Upon leaving the BBC, Oram set up her own studio at Tower Folly, Fairseat: ‘a freezing converted oast house at Wrotham in Kent, where her clutter was augmented by a menagerie of cats, goats and chickens.’1 It was here that she composed electronic music and developed the innovative technique called Oramics, for which she built her own unique machine. It involves drawing directly onto film strips which are then read by photo-electric cells and converted into sound. In Oram’s own words:

‘Every nuance, every subtlety of phrasing, every tone gradation or pitch inflection must be possible just by a change in the written form.’

In addition to lecturing on electronic music and studio techniques at Canterbury Christ Church, Oram continued her work as a commercial composer to fund the development of Oramics, using her system to make a wide range of music and sounds for radio, television, theatre, film and exhibitions. She received two grants from the Gulbenkian Foundation and was able to produce ‘Contrasts Essonic’ in 1963, the first entirely sound-drawn piece using the machine. Oram’s research evolved to look at the behaviour of the ear and perception of the brain’s interpretation of the world, studying vibrational phenomena and describing Oramics as ‘the study of sound and its relationship to life.’
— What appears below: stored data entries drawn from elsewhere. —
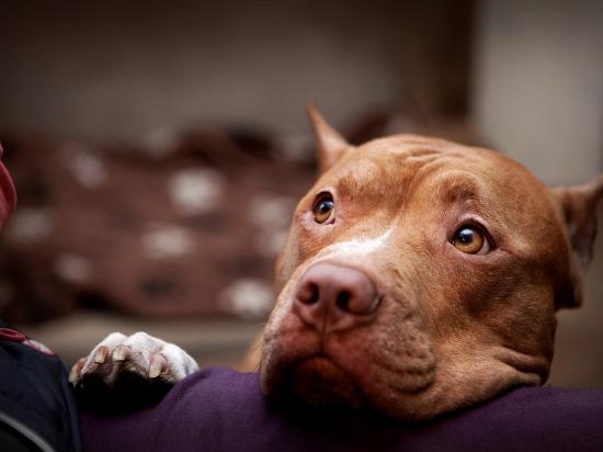 Обои Питбуль смотрит на хозяина
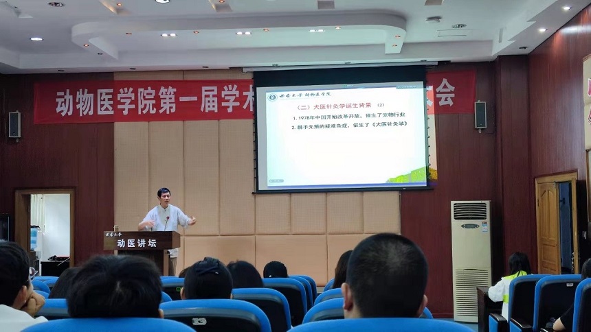 朱兆荣副教授首先介绍了犬医针灸学的内涵、犬医针灸学诞生的背景、著作《犬医针灸学》的初心、《犬医针灸学》的内容以及犬病防治;接着将其丰富的中兽医知识储备与临床实践经验相结合,与同学们分享了他多年从事兽医针灸事业的经历与心得;最后,朱老师为同学们浅析了兽医针灸学国内外发展现状以及未来的发展方向,并希望后辈们能够接续前行,将中(兽)医国粹发扬光大。
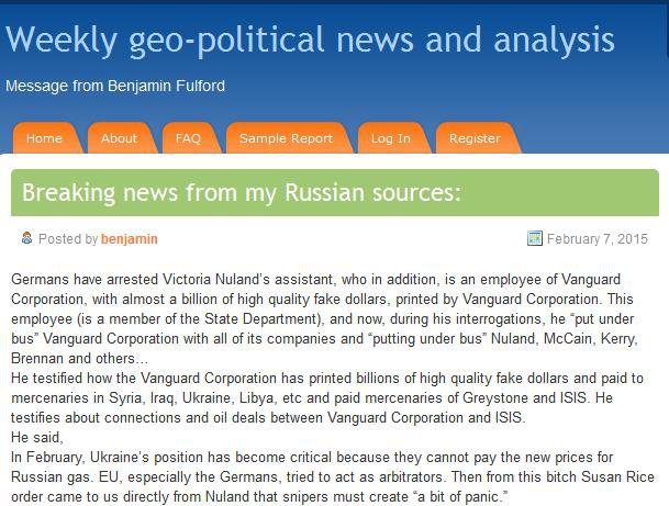 Немцы арестовали помощника Виктории Нуланд, который является и сотрудником Vanguard Corporation, по делу о «миллиарде высококачественных поддельных долларов», отпечатанных в Vanguard Corporation. Этот сотрудник во время допросов "уложил под автобус" («сдал») Vanguard Corporation со всеми его компаниями, а также Маккейна, Нуланд, Керри, Бреннана и других...
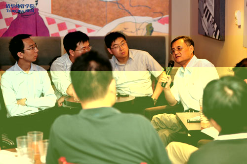 接下來進入了自由提問的環節,同學們就自己在學習、職業發展以及對學院的要求等方面提出了自己的疑問。整個活動同學們提出了十幾個話題,涉及課程設置、對外交換、創業資源、職業轉換和提升、與EMBA交流渠道以及經濟環境多個方面。對每一位同學的提問和建議,錢院長都認真坦誠地和同學們溝通。例如,11P3班的湯宏淵提到MBA創業者面臨的創業資源缺乏問題,希望學院能牽頭為創業者提供獲取資源的平台,這個問題也是很多準備創業的同學比較關心的。錢院長詳細地向大家講述了清華對創業的重視和為此做出的努力,4月份主辦創業年會以及剛剛成立的清華創業平台孵化園,都旨在整合創業資源,為創業者提供資金以及管理等全面的服務。說到創業和創新,又有幾位同學發表了自己的看法,錢院長向大家強調,創業是未來趨勢,國家的經濟轉型和競争力提升離不開創新和創業。創業的本質是創新,創業離不開管理,我們必須重視創業創新和管理的結合。
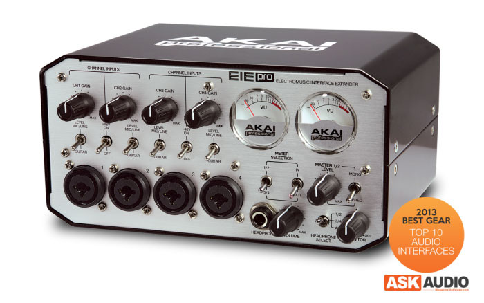 The EIE Pro is a tabletop USB 2.0 audio interface perfectly tailored for your project and portable studio setups. This four-in, four-out (4x4) device features low latency ASIO drivers and enables you to record up to 24-bit resolution and sample rates of 44.1 kHz/48 kHz/88.2 kHz/96 kHz into virtually any DAW, recording or performance software on Mac and PC-based systems. The EIE Pro also houses three convenient USB inputs, in addition to its main USB 2.0 port, enabling you to connect controllers, hard drives or any other peripheral when native ports on a computer may be limited. The compact recording interface contains high-quality components including nickel-plated input jacks, analog-style VU meters and a rugged aluminum casing for a powerful, professional, portable audio solution.
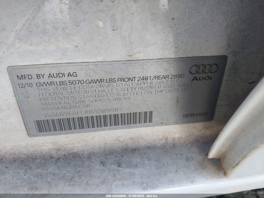 2011 AUDI A4 2011 року Бензин, 2.0, Повний привід, vin - WAUWFAFL8BA****** з США
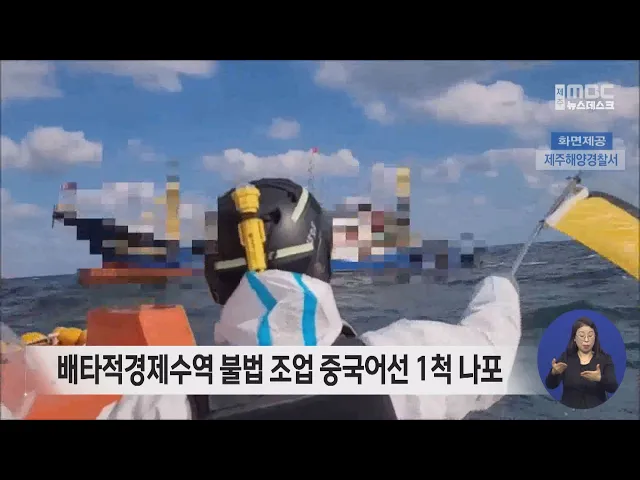 제주해양경찰서는 우리나라 배타적 경제수역에서 입출역 통보를 하지 않고 조업한 혐의로 중국어선 한 척을 나포해 벌금 4천 만 원을 부과했습니다. 이 어선은 어젯밤 11시쯤 제주시 차귀도 남서쪽 122km 해상에서 붙잡혔는데, 지난달 우리해역에 들어온 뒤 출역 내역을 신고하지 않고 어업활동을 한 혐의를 받고 있습니다...

A series of strokes sadly forced Oram to stop working and she died in 2003 but there is no doubt that her methods, techniques, and explorations of sound theory and music philosophy have been hugely influential through the decades since the creation of the Radiophonic Workshop and the Oramics machine, and that her work has paved the way for contemporary music production. Oram’s insight allowed her to see the future impact of her work, knowing that she was laying a foundation that could be built upon as technology advanced. Indeed, Oram saw electronic music as a field in which women could thrive and was excited at the prospect of her work planting seeds that would blossom in time:

‘My advice to women composers – get going now but be patient. Give it plenty of time to develop. Remember the piano – invented just before 1700, yet what are considered to be the first real piano compositions (Clementi’s sonatas) did not appear until some 75 years later. Mozart took to it around 1777. Beethoven showed what really could be done, truly pianistically, more than a 100 years after its invention. Many musicians feel that there is something “lacking” in computer sound. To my mind they are quite right- we are well aware of it- we have neither had sufficient length of time to work on it, (the 75 years referred to above!), nor subtle enough hardware for the job. But the home computer is today a very sophisticated machine, getting better every year. How exciting for women to be present at its birth pangs, ready to help it evolve to maturity in the world of the arts. To evolve as a true and practical instrument for conveying women’s inner thoughts, just as the novel did nearly two centuries ago.’

A compilation of Oram’s music was released in 2007, and an exhibition ‘Oramics to Electronica’ was held at the Science Museum in 2011, where Oram’s fragile machine was put on display and a virtual version of the machine allowed visitors to compose their own pieces. In 2016 a new edition of her book, An Individual Note of Music, Sound and Electronics, originally published in 1972, was released. Oram has been featured in radio and television documentaries, and in 2017 a play about her life and work premiered, live scored with electronic music, titled ‘Daphne Oram’s Wonderful World of Sound’. 2017 also saw the inauguration the of the Oram Awards, launched by the PRS (Performing Right Society) Foundation and the New BBC Radiophonic Workshop to celebrate ‘emerging artists in the fields of music, sound and related technologies in honour of Daphne Oram, and other pioneering women in music and sound.’

Daphne Oram is a pivotal figure in the development of electronic music and its applications, and it is most fitting that Canterbury Christ Church University has dedicated the new creative arts building to this woman of extraordinary vision and innovation where future generations of creators can hone and develop their skills, making their own trailblazing discoveries, under a roof bearing her name.

You can find out more about Daphne Oram here.

This article was published: 23 January 2023.

References

  1. ‘Obituary’, The Times Friday, 24 January 2003.